Assimilation doesn’t just happen, and it certainly won’t happen in an atmosphere that separates and alienates neighbors from each other. Even when it has worked in this country, it took a generation or two for each new wave of immigrants to assimilate completely.
After all these centuries, after all the promises we’ve made and the laws we’ve passed, isn’t it time now for us to make the effort to get to know our African-American neighbors, to build the relationships with them that lead to mutual trust, and then to engage with them in the great American experiment of self-government—that is, to take the hard actions needed in our communities and our states to assimilate our African-American neighbors into America?

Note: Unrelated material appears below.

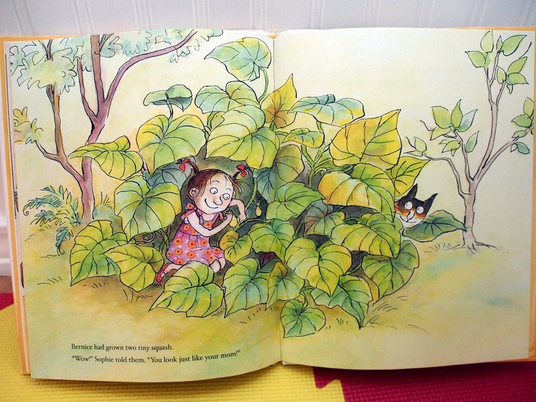 А когда наступила весна, Софи обнаружила в саду росток. И все лето следила за тем, как он растет, и на кабачковом кусте выросли целых две кабачка - детки Бернис, которые идеально подходили в ладони девочки и с которыми так интересно было играть.

Isn’t time that we go back into these communities as friends and mentors to help break the cycle of progressive social experiments that have left generations of young men and women under-educated, under-employed and over-incarcerated, and placed too many Darren Wilsons and Michael Browns in life-or-death confrontations?
Yes, if we offer our hand in neighborly love, it must eventually be accepted by our neighbors for assimilation to finally occur—but the “fear” of being rebuffed must not stop our effort. It may take time and will require a lot of effort, but it is the right thing to do.
The midterm election results gave our party—the Party of Lincoln, Reagan and Kemp—a gift: the opportunity at the state and local level to give a new birth of freedom to all Americans—including our African-American neighbors. Let’s finally accept this gift with all the challenges and hard choices it presents. If we do accept this gift and meet the challenge of assimilating all our neighbors, we will be a lot closer to leaving a “Shining City on a Hill” to all our children. And, in the end, isn’t that what we’ve been fighting for over all these decades?